I resolve not to get too caught up in politics. No, seriously. I’m not going to count the days — 138, but who’s counting? — before the election.

I resolve not to study a single political poll between now and Nov. 8, which is, as I mentioned but we’re not going to talk about, 138 days away.

I resolve I will not watch too many debates when I have better things to do. I might need to clip my toenails. Or, maybe, a movie I’ve seen 20 times, like “Bull Durham” will be on TV and I’ll just have to watch that scene one more time when the players come to the mound to discuss wedding gifts and cursed gloves.

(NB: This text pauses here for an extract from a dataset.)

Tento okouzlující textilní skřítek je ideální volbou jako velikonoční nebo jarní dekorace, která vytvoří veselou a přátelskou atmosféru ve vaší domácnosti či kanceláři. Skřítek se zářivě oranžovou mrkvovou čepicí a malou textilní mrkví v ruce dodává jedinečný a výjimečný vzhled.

I resolve not to focus on the number of times either candidate calls the other one a liar. If they do, however, I resolve to imagine that candidate adding, “liar, liar, pants on fire,” to add some levity to the accusation.

I resolve not to worry too much that one of these two people whom I don’t particularly like will be president. Seriously, we’ve got all these people eager for power and these two are the best we can find? Not everyone wants to be president, but doesn’t this seem like the perfect time for a dark horse to throw his or her hat in the ring?

I resolve to avoid listening to pundits. I don’t want to hear how you absolutely think your candidate won the debate and the other candidate completely lost the debate, the election and his or her mind the other night. Can you imagine two pundits watching everything you did in a day?

Pundit 1: “Oh, he totally nailed that plaque on his teeth. He won’t need to brush his teeth for a week after a performance like that.”

Pundit 2: “Are you kidding? Do you think he gave the molars any attention? I’ve spoken to the molars and they are feeling neglected. I have a way to brush that would fight for every tooth and not just the ones on top.”

My only pundit exception is David Gergen: He’s smart and funny, has a deep authoritative voice and he’s really tall, so it looks like he’s observing everything from on high. Besides, in the early 1990s I met him, not to name drop or anything, and he actually listened carefully to a question I asked.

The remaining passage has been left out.